A Deep Spiking Convolutional Conversion Scheme for Robust Vertebrae Segmentation & Identification

Elon Litman


Abstract:

Automated analysis of data with arbitrarity in intensity, protocols, and field-of-view is an important task in the modern biomedical imaging pipeline. Recently, spiking computation has been leveraged to reduce the computational overhead of neural networks in the domain of medicine. However, state-of-the-art methods are on the trend of energy for accuracy, a lack of scalability due to the non-differentiable activations of spiking neurons, shallow architectures, and unsophisticated tasks. To avoid native spiking neural network (SNN) design, a pipeline for end-to-end vertebrae segmentation, identification, and localization from Computed Tomography acquisitions is denoted wherein the learned parameters of deep convolutional analog networks are transferred to equivalent-accurate spiking ones.
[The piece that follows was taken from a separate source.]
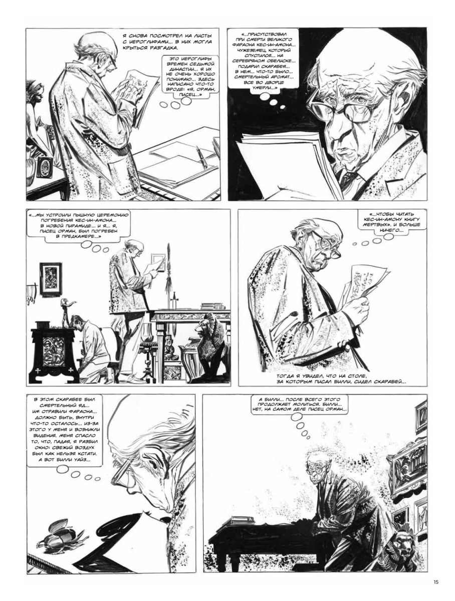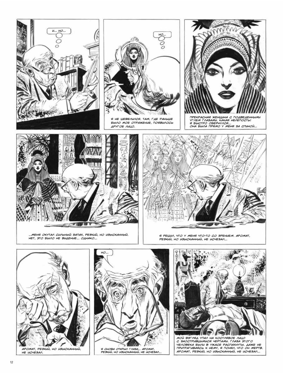 Мастерски работая со светотенью, Альберто Бреччиа создает атмосферные выразительные изображения, которые легко переносят читателя на мрачные кладбища, в древнеегипетские гробницы и на опасные воды Атлантики.

We report that complex architectures such as autoencoders can be run as rate-based SNNs with a major reduction in latency to achieve error rates close to conventional deep methods. The networks are also able to forego normalization to a common space, making our approach ideal in an intraoperative context and for longitudinal neuroanatomical studies. To the best of our knowledge, this paper is the first to study biologically-inspired clinical systems on such massive heterogeneous data.